Отобрали четыре человека, посадили в «полуторку» в Рыбинске и по дороге через Ярославль повезли в Москву. Ехали мы в кузове на соломе. Привезли в Москву на какой-то завод, я даже сейчас не помню. А на этот завод везли побитые, сгоревшие танки с фронта для разбора и ремонта. Нас поставили разбирать их, даже не научили ничему. Жили мы при заводе прямо.
Там мы примерно месяц или чуть поменьше поработали. Нас, четырнадцать человек, опять этот Должиков сажает и отправляет в Горький. Привозят нас в Горький на Сормовский судостроительный завод. А, оказывается, этот завод уже получил техническую документацию, по которой он стал выпускать танки, но сначала он занимался их капитальным ремонтом. И опять нас заставили демонтировать эти машины. И мы там жили в доме колхозника, где и питались. Танки Т-34 досконально изучили. Там мы, наверное, с месяц пробыли.
Оттуда забирают нас и снова в Рыбинск. Приезжаем, нас опять в наши землянки отправили и ничего не говорят. В училище нас уже не кормили, а прикрепили к заводу, который сейчас «Сатурн» называется. Он тогда авиационный был. Вот там нас кормили. Меня поставили на шлифовальный станок, я цилиндры в двигатель шлифовал, чуть руки не оборвал. Там поработали недели две или три.
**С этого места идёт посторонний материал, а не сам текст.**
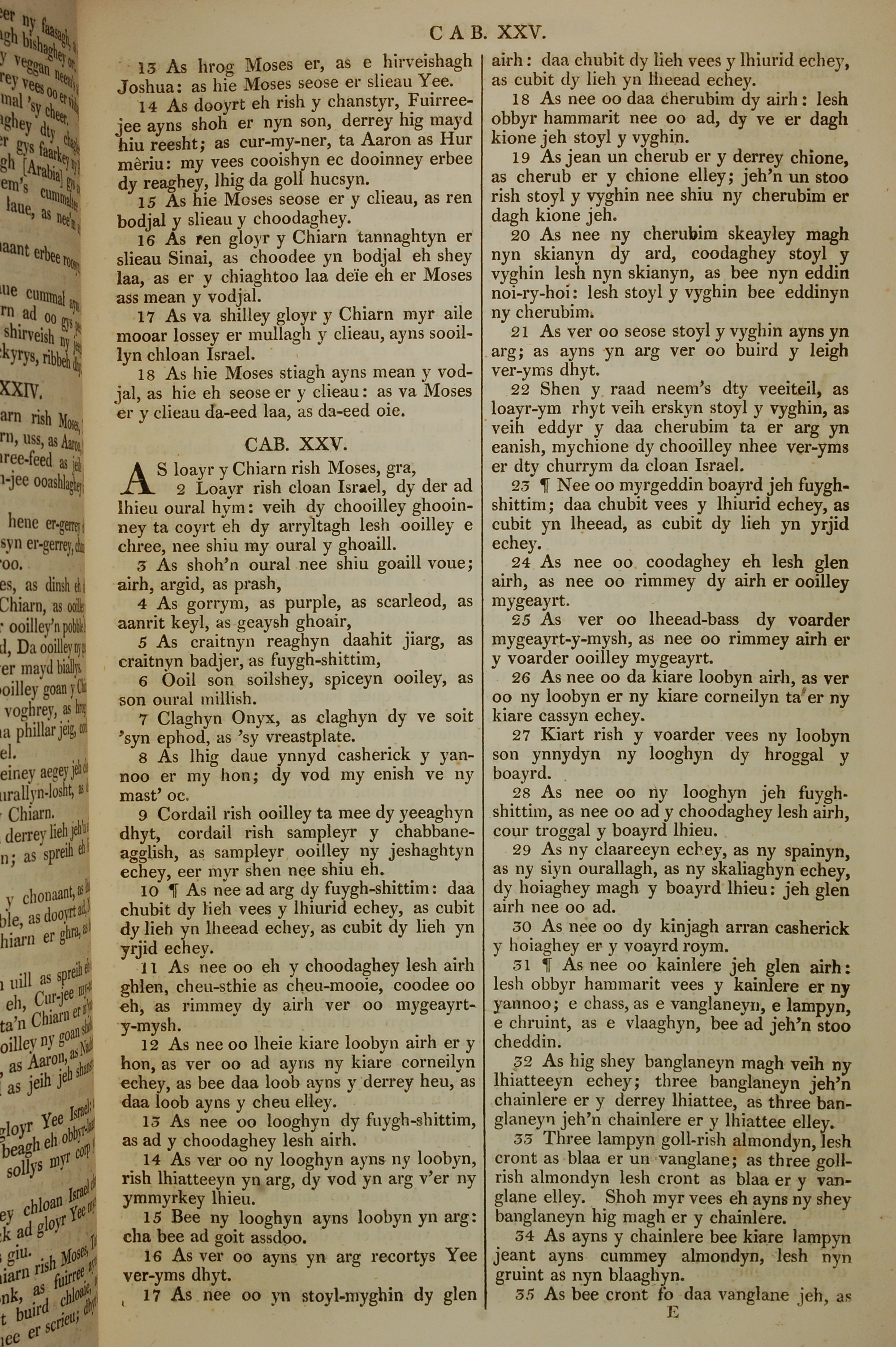 1819年曼島語聖經 出埃及記 24 章 13 節到 25 章 35 節

Поселили нас в заводской ДК, там тепло было. Мы так блаженствовали!
Затем нас сажают опять в поезд и в Челябинск. Там по приезде нас построили при Доме культуры. Но он на тот момент уже как Дом культуры не работал. Там трехэтажные нары стояли. И нас туда поселили. Мы ночь переночевали, а там клопы. А Должиков этот с нами еще был. Рассказали мы ему о клопах. Он пошел на ЧТД завод, который выпускал Т-34, договорился, чтобы нас на его территорию пустили. Там у них было что-то по типу казармы – трехэтажное жилое здание. Тепло, хорошо. В заводской столовой нас кормили.
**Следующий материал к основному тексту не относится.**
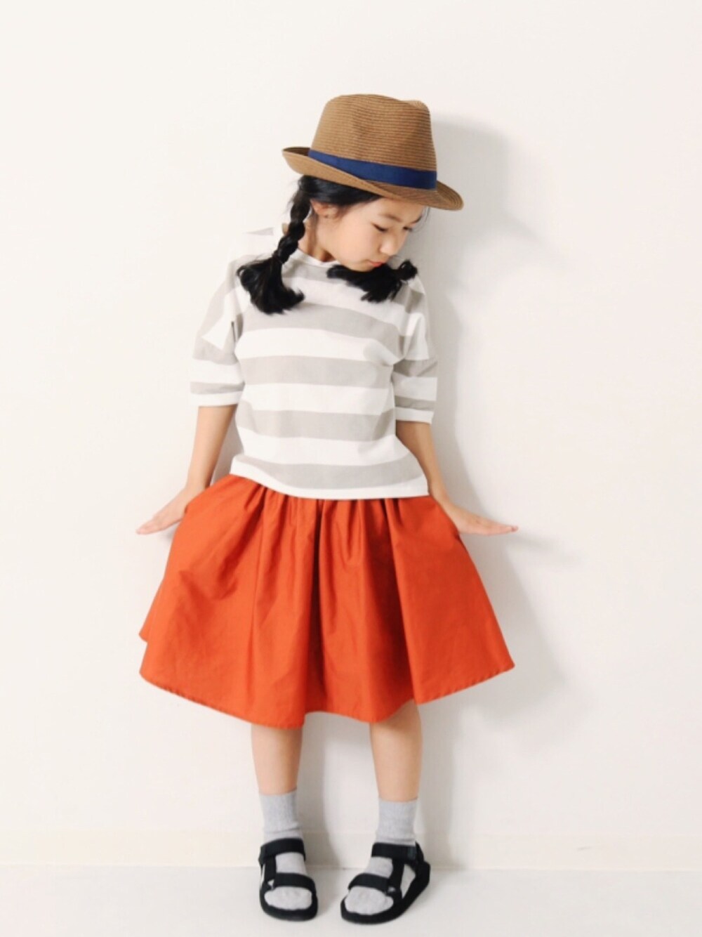 こんばんは🙌🏻 麦わら帽子で一気に夏らしく☻ 相変わらず大人気のボーダーTee いつもありがとうございます! モデル身長:115cm 着用サイズ:110cm

– А Вам присвоили к тому моменту уже звание?
– Я же два кубика получил. Техник-лейтенант. Это техник второго ранга, а лейтенант – потом уже. Я по первому разряду сдавал, а ребята кто по второму, кто по третьему. Кто кубик один получил, кто получил два.
Показали нам БТ. И вот собирали на конвейере танк. Так сформировали эшелон – двадцать одну машину. Отправили нас в Миасс (километров пятнадцать оттуда). Там был Миасский учебный полигон . Туда направили на боевую стрельбу, на тактические учения. Там неделю в землянках пожили, постреляли из пулеметов, из пушек, поводили танк. Оттуда обратно на завод, если какие-то неисправности – в цех. Все неисправности заводские инженеры устранили. И после отправили нас на фронт.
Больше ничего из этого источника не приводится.